Hard to tell which one is better. We will move forward with WARC index for now to keep the process more straightforward.

lintool commented 4 years ago

Sounds good @MXueguang - thanks for your contribution!

MarcosFP97 commented 4 years ago

Hi! I am sorry to reopen again this issue, but I have a doubt related to CommonCrawlWarcCollection. I have just indexed the TREC 2020 Health Misinformation Track dataset using the following command:

nohup sh target/appassembler/bin/IndexCollection -collection CommonCrawlWarcCollection -input ~/TREC_files -index indexes/lucene-index.ccwc_full.pos+docvectors+raw -generator DefaultLuceneDocumentGenerator -threads 44 -storePositions -storeDocvectors -storeRaw >& logs/log.ccwc_full.pos+docvectors+rawdocs &

Is there a way to recover the WARC-Target-URI field using a doc id after this indexing process? I would appreciate any help. Marcos

MXueguang commented 4 years ago

Hi @MarcosFP977,

I am afraid that we didn't keep the WARC-Target-URI during indexing in current version, but we can add this indeed. I will try to add it and get back to you in one or two days.

Xueguang

MarcosFP97 commented 4 years ago

Hi! I think it could be a helpful field to retrieve the original source of crawled news. If you need any help, do not hesitate to ask. Marcos

MXueguang commented 4 years ago

Hi Marcos,

Sorry for a bit late reply. We updated in newest master branch. warc_date and warc_url get added to fields of the documents.
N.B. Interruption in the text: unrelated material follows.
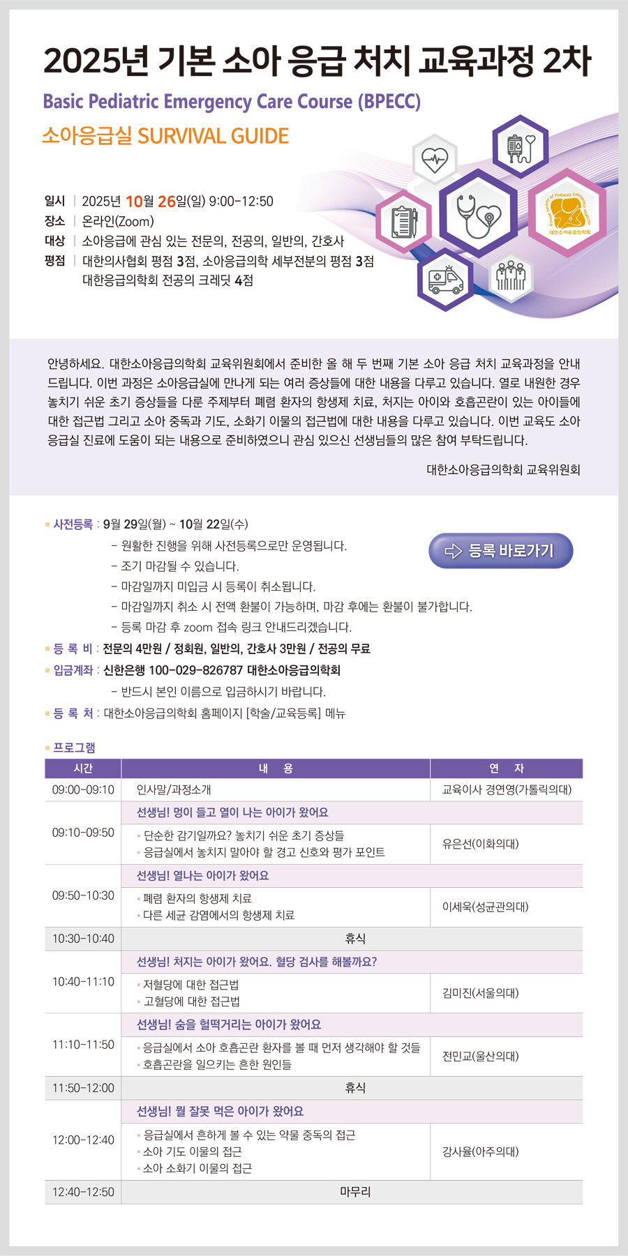 2025년 기본 소아 응급 처치 교육과정 2차(BPECC) 접수마감
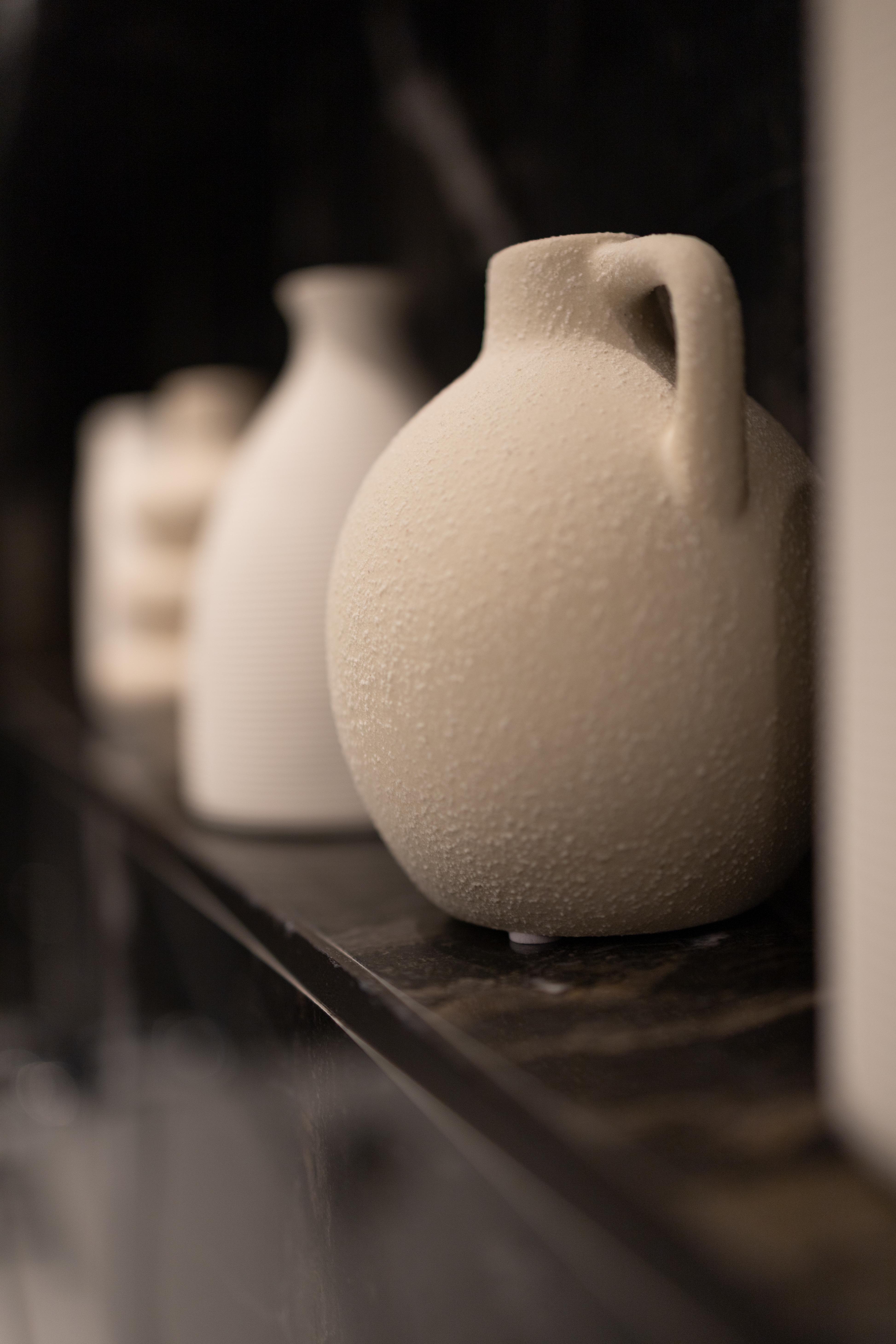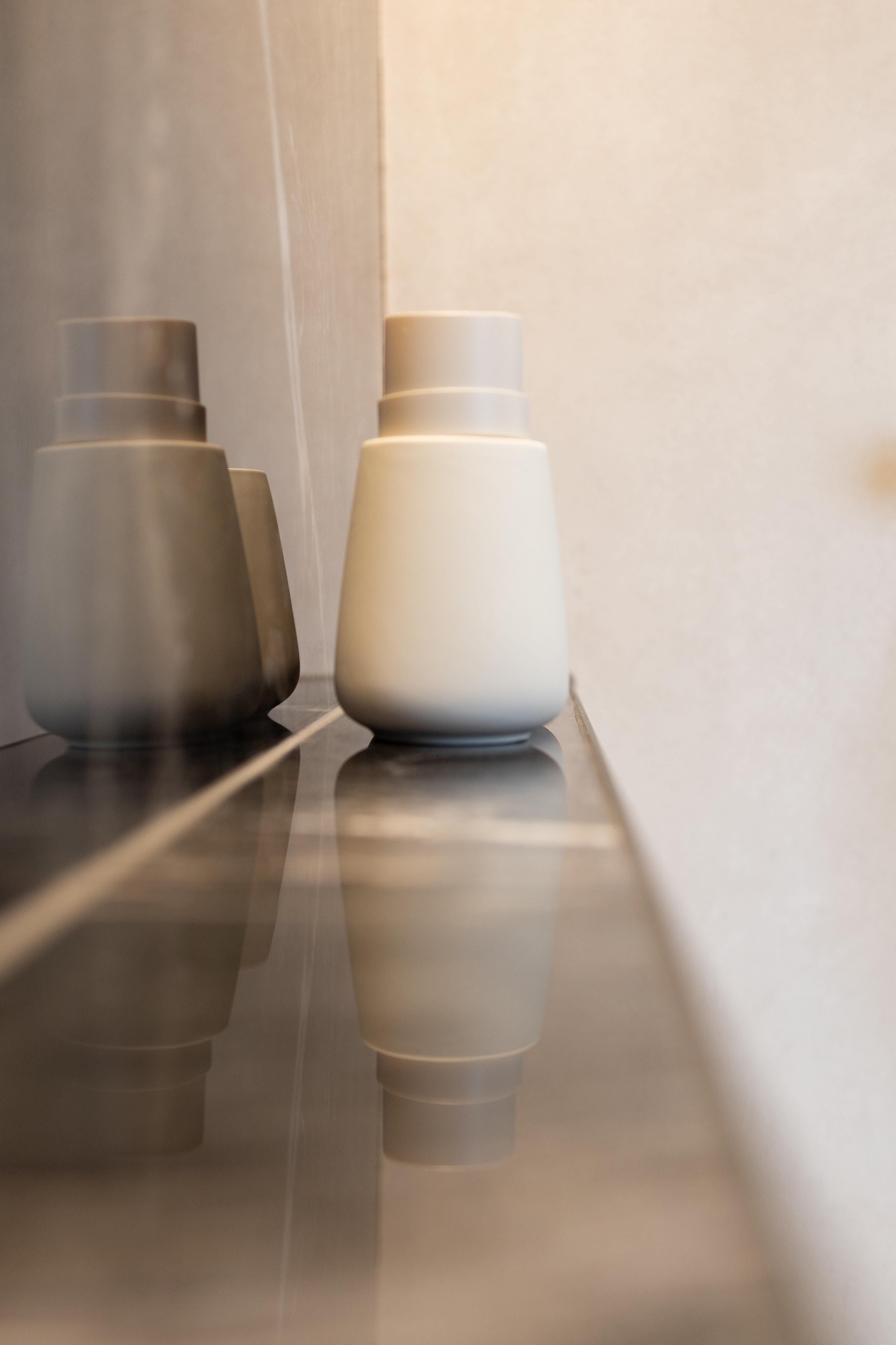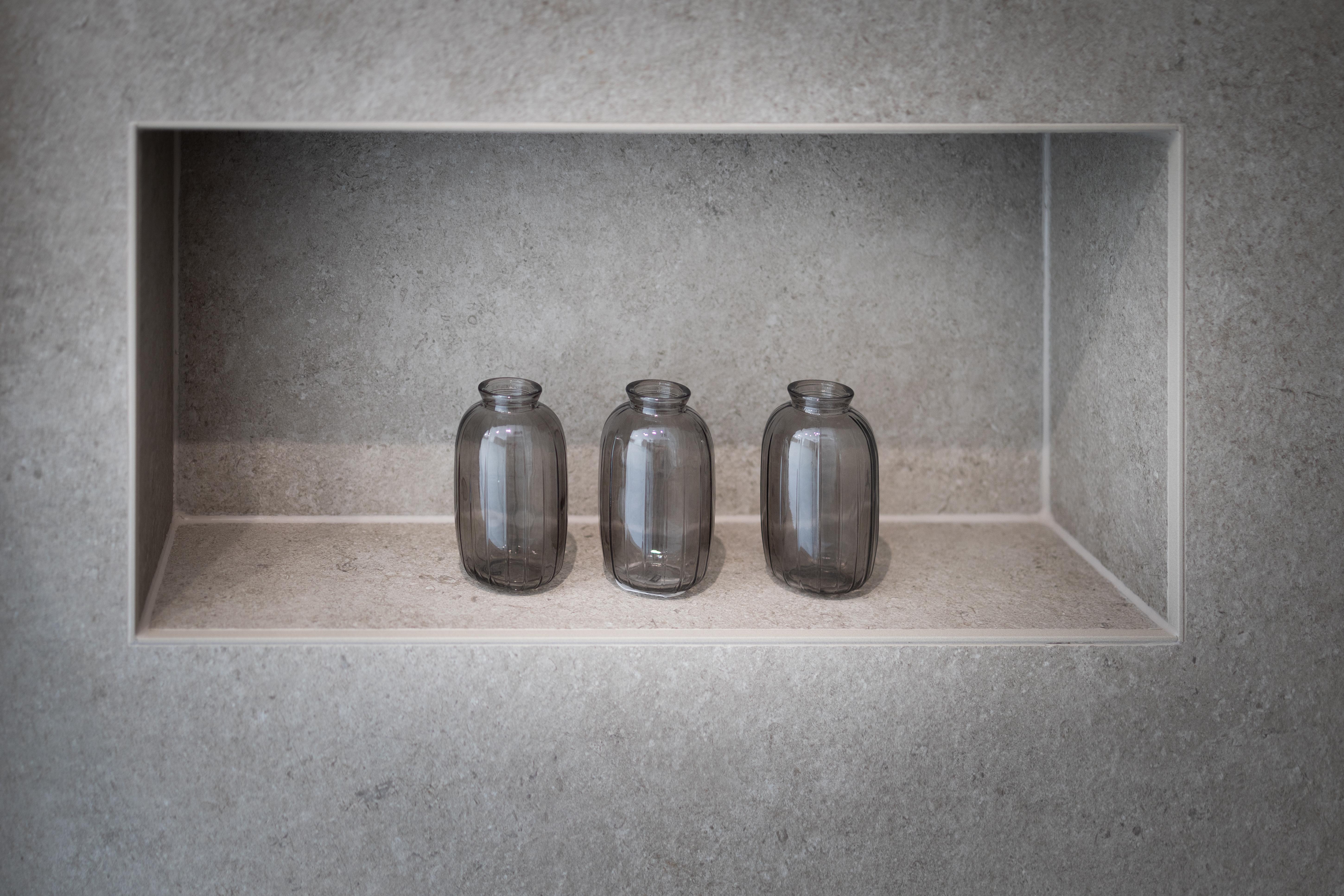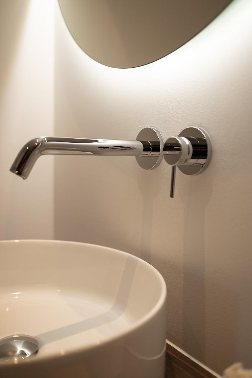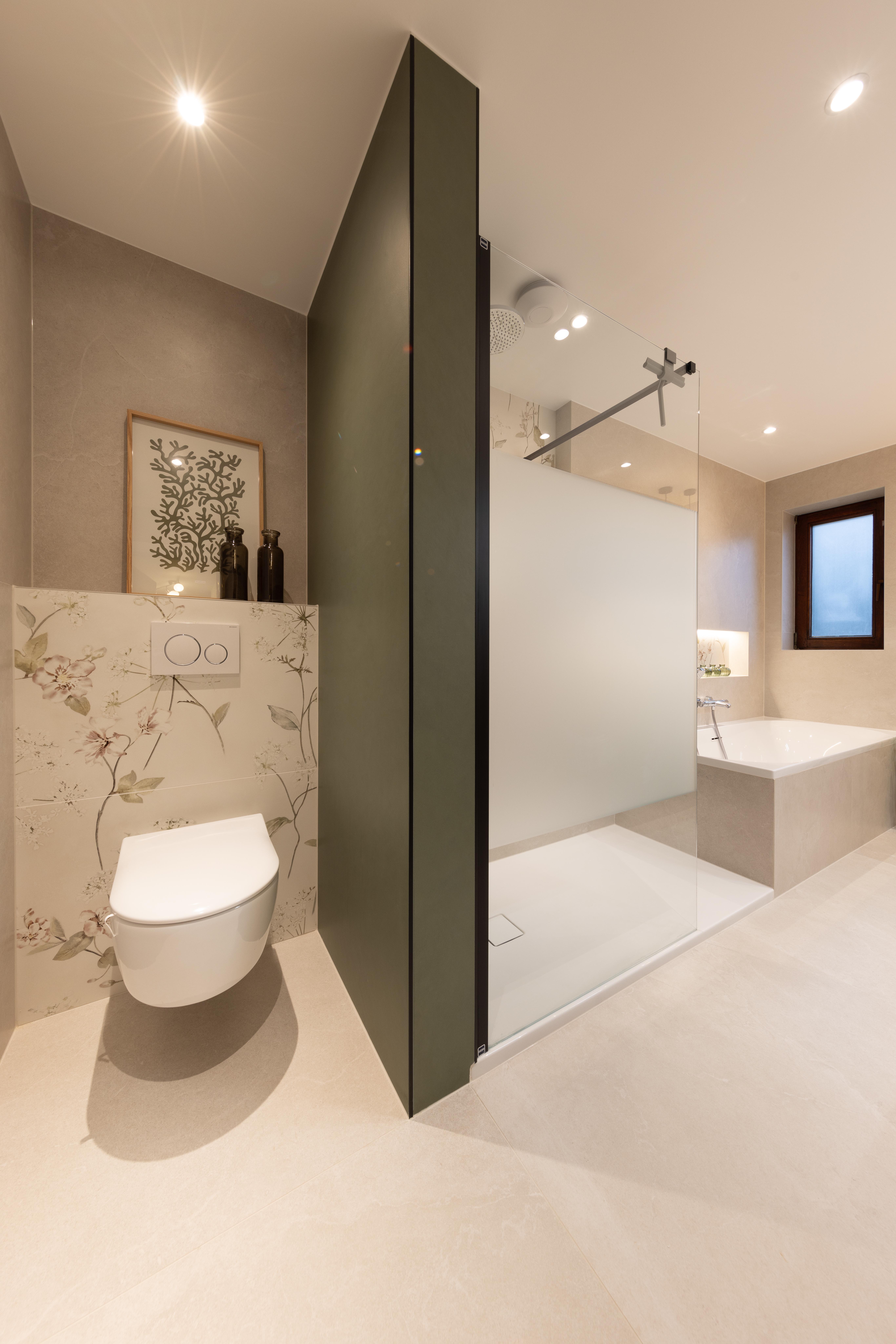 Dans ce projet, la forme géométrique de la paroi de douche et des différents caissons, utiles pour la dépose des produits douche, pour dissimuler l'aspect technique du wc et le passage des décharges, à permis de mettre en valeur cette salle de douche et de mettre à parts égales l’équilibre fonctionnel et l’impact visuel.

You can now get the date and url by: hits[0].lucene_document.get("url") (I am assuming you are using pyserini to retrieve)

MarcosFP97 commented 4 years ago

No worries :) You are right I am using Pyserini. Thanks for your response and for helping with this.

MarcosFP97 commented 4 years ago

Hi, I am sorry for bothering you again, but I was not able to index warc_date and warc_url. This is the command that I was using for the indexing process:

nohup sh target/appassembler/bin/IndexCollection -collection CommonCrawlWarcCollection -input ~/TREC_files -index indexes/TREC_BM25 -generator DefaultLuceneDocumentGenerator -threads 44 -storePositions -storeDocvectors -storeRaw >& logs/log.TREC.BM25 &

I guess that I might be using the wrong collection or I may be missing some parameter. Since when I apply Pyserini search, doc.lucene_document().get("url") does not return anything. Thanks, Marcos

MXueguang commented 4 years ago

Please use WarcGenerator instead of DefaultLuceneDocumentGenerator. I forgot to mention that. Apologies!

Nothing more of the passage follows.